Availability: | In stock (1) |
“We have to look at the truth head-on: the priesthood seems to be failing,” explains Cardinal Robert Sarah in this book. “The priesthood, its status, its mission, and its authority have been placed at the service of the worst crimes. . . The search for worldly glory, power, honors, earthly pleasures, and money has infiltrated the hearts of priests, bishops, and cardinals. How can we tolerate such deeds without trembling, without weeping, without asking ourselves probing questions?”
In the arid desert of Western society, where man believes he is happier without God, Cardinal Sarah invites priests to become ever more clearly the signs of the presence of God in the world.
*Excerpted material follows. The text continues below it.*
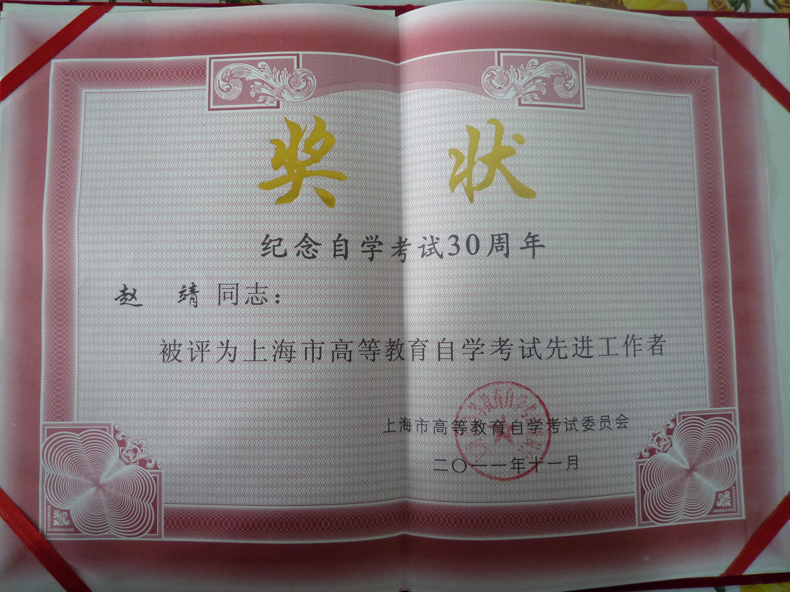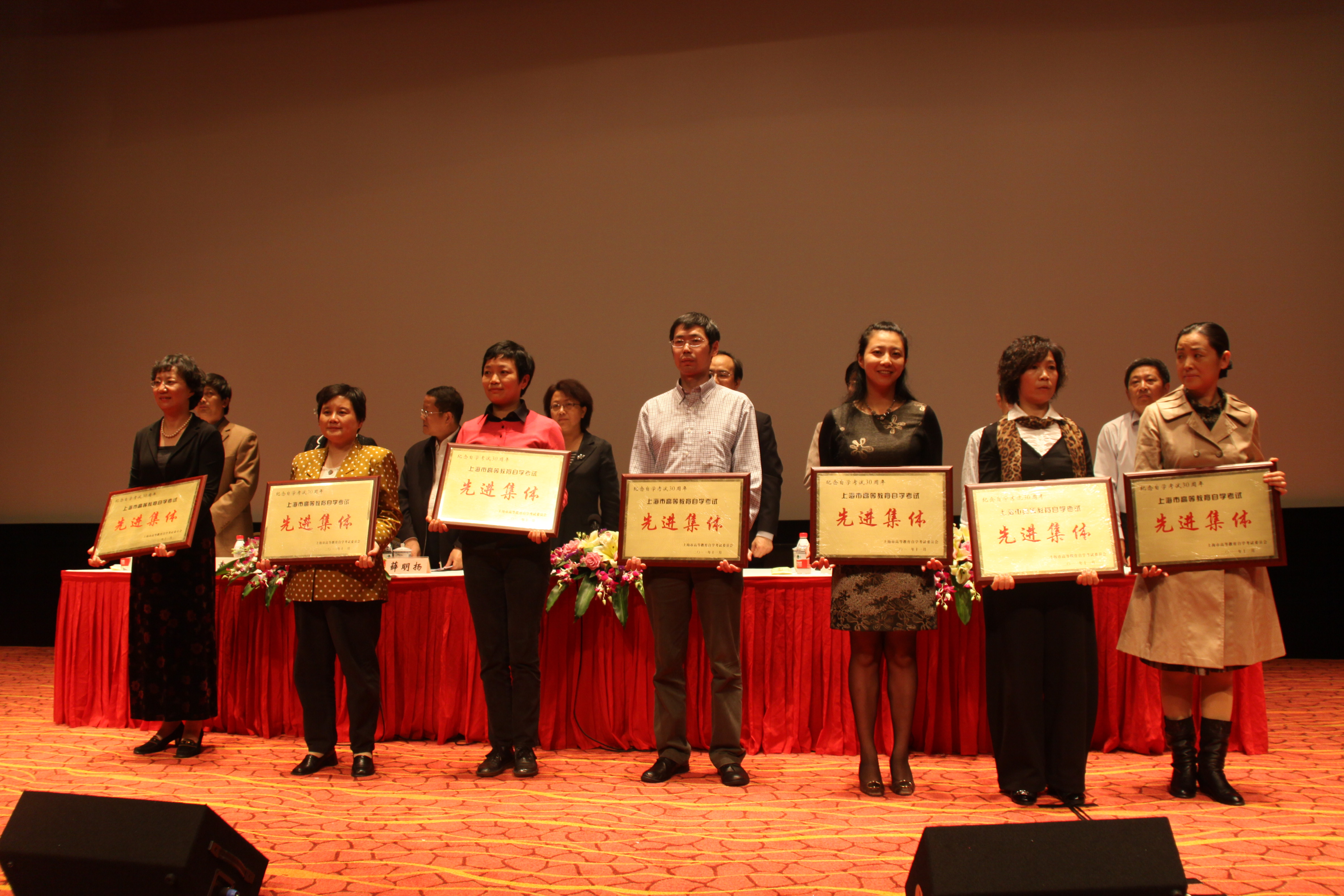 1118在上海影城隆重举行的纪念高等教育自学考试制度实行30周年暨表彰大会上,我校自考办获取先进集体荣誉称号,我校自考办赵靖老师获先进工作者称号,袁海燕同学获优秀学员称号。教育部考试中心党委书记、副主任刘军谊,市政府副秘书长、市高教自考委第一副主任委员翁铁慧,市教委主任、市高教自考委常务副主任委员薛明扬,市教委副主任李瑞阳、袁雯等领导出席了本次会议并颁奖。会议由市教委副主任李瑞阳主持。

Collected here are the writings of the greatest saints to help priests rediscover the essence of their priesthood so the people of God can renew their gaze upon them. This is not a treatise of academic theology, Cardinal Sarah explains, but a theology of the saints that is contemplative and spiritual as well as practical and concrete.
“Each text will be for us like a renewed way of looking, a luminous feature to draw more accurately the spiritual portrait of the priest as Jesus Christ intended him and as we need him today,” writes Cardinal Sarah. “In light of these teachings of the Church and of the saints, together, we will examine the quality of our relations with God.”
Ultimately, he claims, priests must avoid becoming simply specialists in God and masters of the Faith. Instead, priests must allow themselves to be transformed, renewed, governed, and divinized by it. It is through a priest’s gospel-filled life and testimony that he will restore God to His place in the world.
“This book is an invitation to sit at the feet of Jesus, our High Priest,” Cardinal Sarah explains, “to allow ourselves to be renewed in our priesthood. At His feet and following in His footsteps, we learn to be priests, to let ourselves be formed in His image and likeness, and to enter fully into the Christian mysteries that we celebrate with faith.”